Experimental Jev Integration in AI SDK for Python

On October 2, 2026, the Python development team at Vercel announced an update to the AI SDK for Python, officially introducing support for the Jev model via an experimental evaluate() API. Rather than generating free-form text like conventional large language models, Jev functions as a universal classifier that accepts input data alongside multiple-choice questions to return structured JSON outputs with corresponding confidence scores.

According to Vercel, developers can install the package using the uv tool via uv add ai and configure the AI_GATEWAY_API_KEY environment variable. The Jev programming interface is designed around the evaluate() function, which accepts state data formatted as strings or JSON along with three primary question types: - ChoiceQuestion: Selects a single option from a set of choices. - ScoreQuestion: Evaluates inputs along a defined rating scale. - NoulQuestion: Estimates the probability that a given proposition is true.

This architecture leverages pretrained large language model weights while directing the outputs into structured classification formats, effectively lowering latency and operational costs for scoped decision-making tasks.
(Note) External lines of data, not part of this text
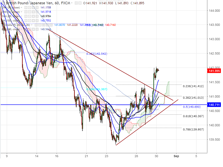 - GBPJPY broken trend line resistance at 141.25 (trend line joining 143.19 and 141.40) and jumped till 142.03 yesterday. The pair has close well above trend line resistance and is currently trading around 141.89.
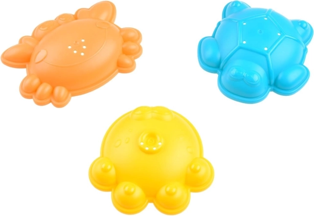 Drei Förmchen mit Krabben-, Schildkröten- und Tintenfischmotiven sorgen für viel Spaß. Jedes hat Löcher für eine einfache Sandfreigabe.
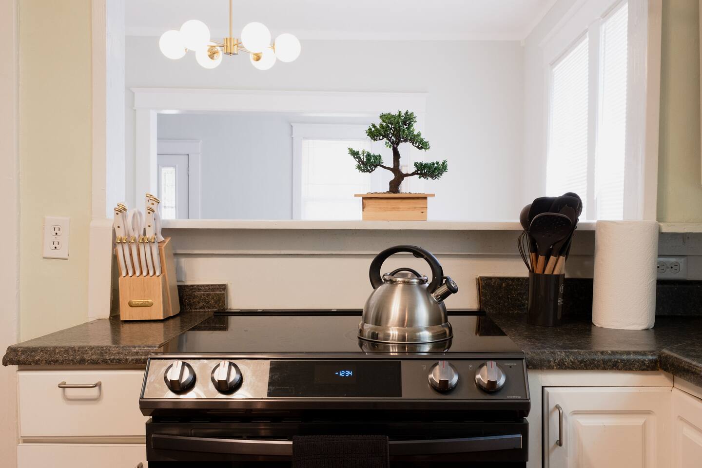 Getting around is super convenient either on foot, scooter, bike or by car. Our home includes two private parking spots in the back and free street parking.
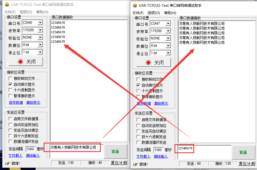 同時打開兩個串口轉網(wǎng)絡助手軟件。一個選擇虛擬串口,一個選擇COM7,即可進行收發(fā)測試
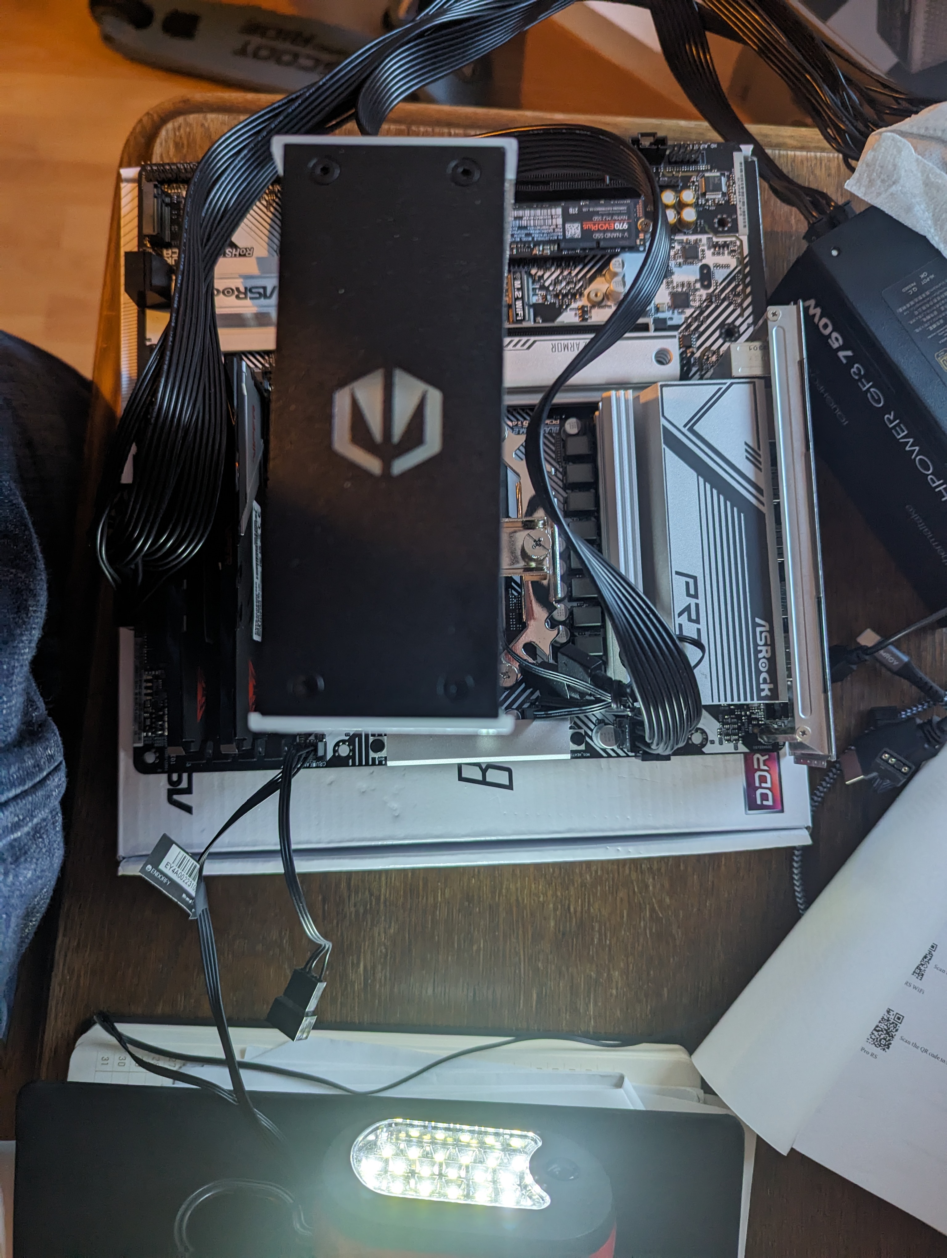 Den Lüfter habe ich von der Heatpipe abgenommen und nochmal alle Schrauben gelockert, um den Kühler etwas weiter gegen den Uhrzeigersinn zu drehen. Der sitzt aber fest in den vorgesehenen Öffnungen. Die Heatpipe selber ist nur an zwei Schrauben befestigt. Da kann ich wenig beeinflussen.
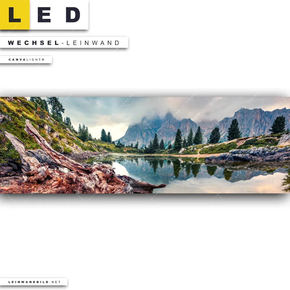 LED Wechsel-Leinwand Canvalight® TEX | Dramatischer Morgenblick am See | Panorama
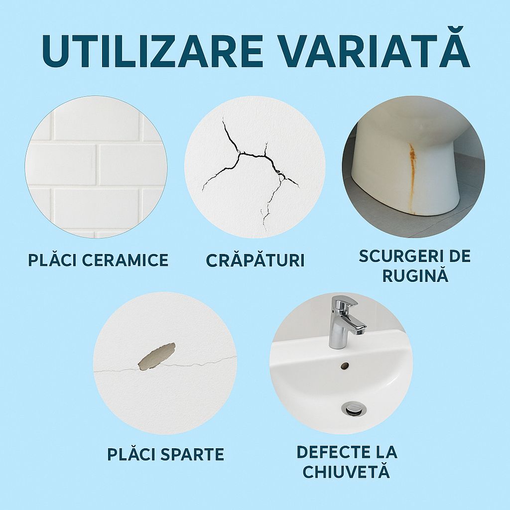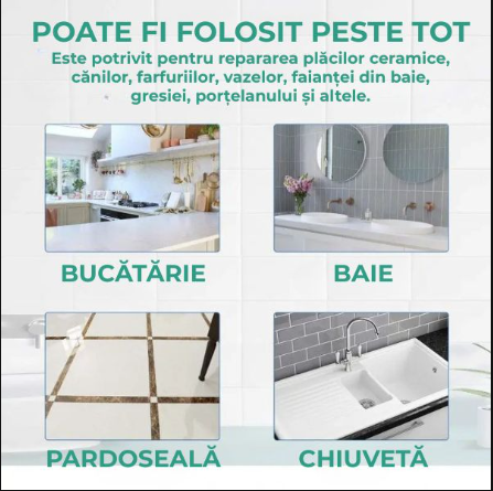 ✨Fie că vrei să scapi de crăpăturile din gresie sau de colțurile ciobite de la chiuvetă, kitul îți oferă un rezultat curat și vizibil✨. Cu un efect durabil, suprafețele tale ceramice vor arăta ca noi, fără să chemi pe nimeni și fără costuri mari.
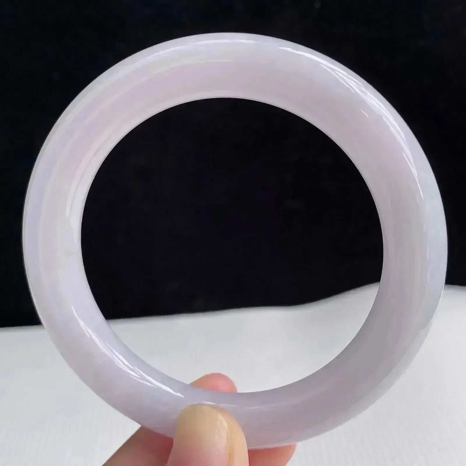 58圈有种有色天然翡翠A货淡紫玉手镯好种水春彩水润手镯67.22g

Real-World Benchmarks and Evaluation

To assess Jev's practical performance, Vercel engineers conducted two benchmark experiments: - Python REPL Input Disambiguation: When tasked with distinguishing between Python code and natural English within a REPL environment, Jev outperformed custom-trained classification models. However, it still exhibited edge-case errors with incomplete expressions, such as misidentifying the incomplete string 'what\'s' + ' up as English. - AST-Based Code Generation: In the second experiment, Vercel paired GPT-5.6 for high-level planning with Jev to select individual Abstract Syntax Tree (AST) nodes to construct Python code. While the approach produced syntactically correct code, it frequently failed to implement the correct business logic.

The complete sample code for the AST experiment has been released by Vercel Labs on GitHub for independent community evaluation.